Top of GIVEN INFORMATION

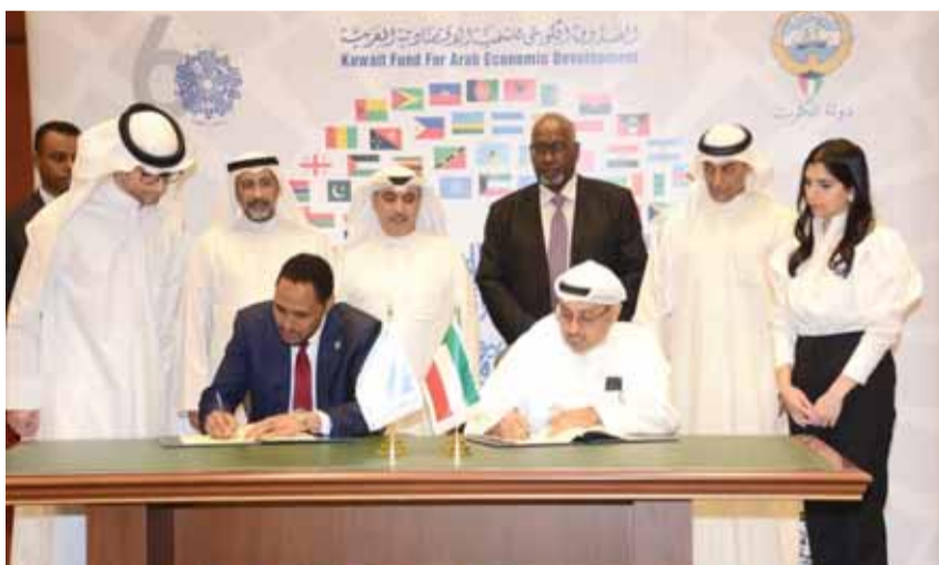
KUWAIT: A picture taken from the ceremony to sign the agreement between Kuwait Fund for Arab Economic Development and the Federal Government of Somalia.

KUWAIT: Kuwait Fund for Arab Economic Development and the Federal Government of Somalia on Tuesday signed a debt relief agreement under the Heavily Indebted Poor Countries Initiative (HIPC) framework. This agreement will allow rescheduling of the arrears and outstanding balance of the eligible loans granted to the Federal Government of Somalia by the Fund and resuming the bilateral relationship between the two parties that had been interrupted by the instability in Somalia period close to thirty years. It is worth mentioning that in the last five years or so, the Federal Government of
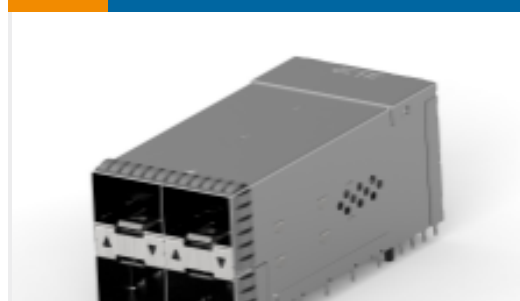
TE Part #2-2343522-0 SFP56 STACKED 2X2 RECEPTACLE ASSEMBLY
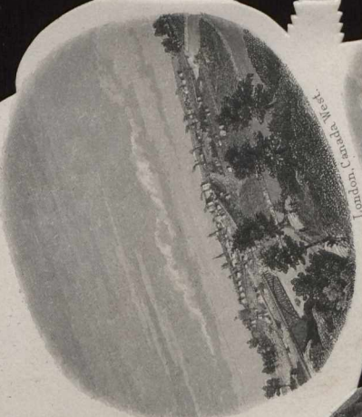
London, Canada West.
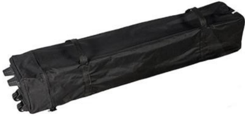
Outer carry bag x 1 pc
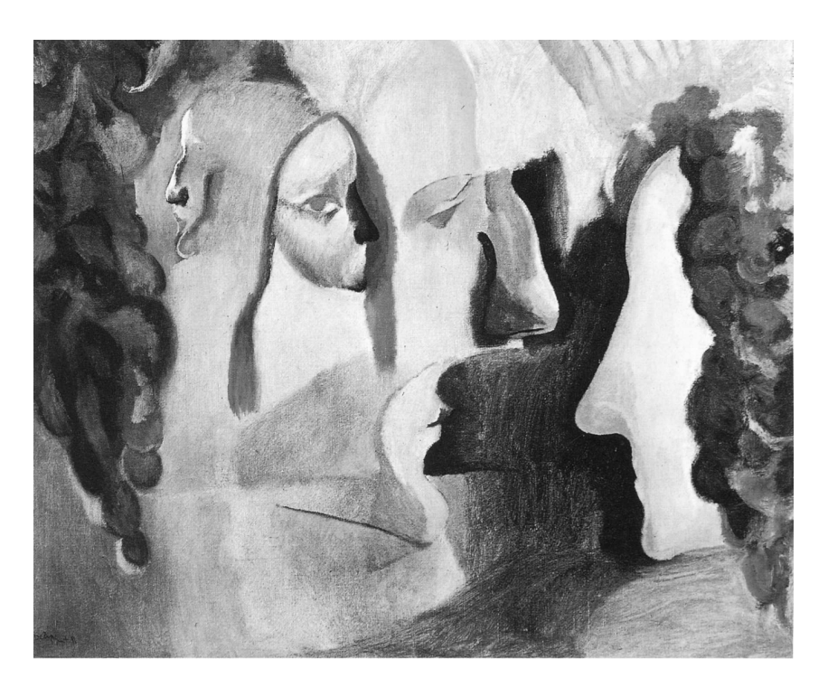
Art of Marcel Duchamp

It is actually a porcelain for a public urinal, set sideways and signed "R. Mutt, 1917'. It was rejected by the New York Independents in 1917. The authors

Bottom of GIVEN INFORMATION

**TASK GOAL**
The needed output is the lines from the one with "TE Part #2-2343522-0" through the end of the listing, written out exactly, both ends included, pictures excluded.

**ANSWER BOX**
TE Part #2-2343522-0 SFP56 STACKED 2X2 RECEPTACLE ASSEMBLY
London, Canada West.
Outer carry bag x 1 pc
Art of Marcel Duchamp

It is actually a porcelain for a public urinal, set sideways and signed "R. Mutt, 1917'. It was rejected by the New York Independents in 1917. The authors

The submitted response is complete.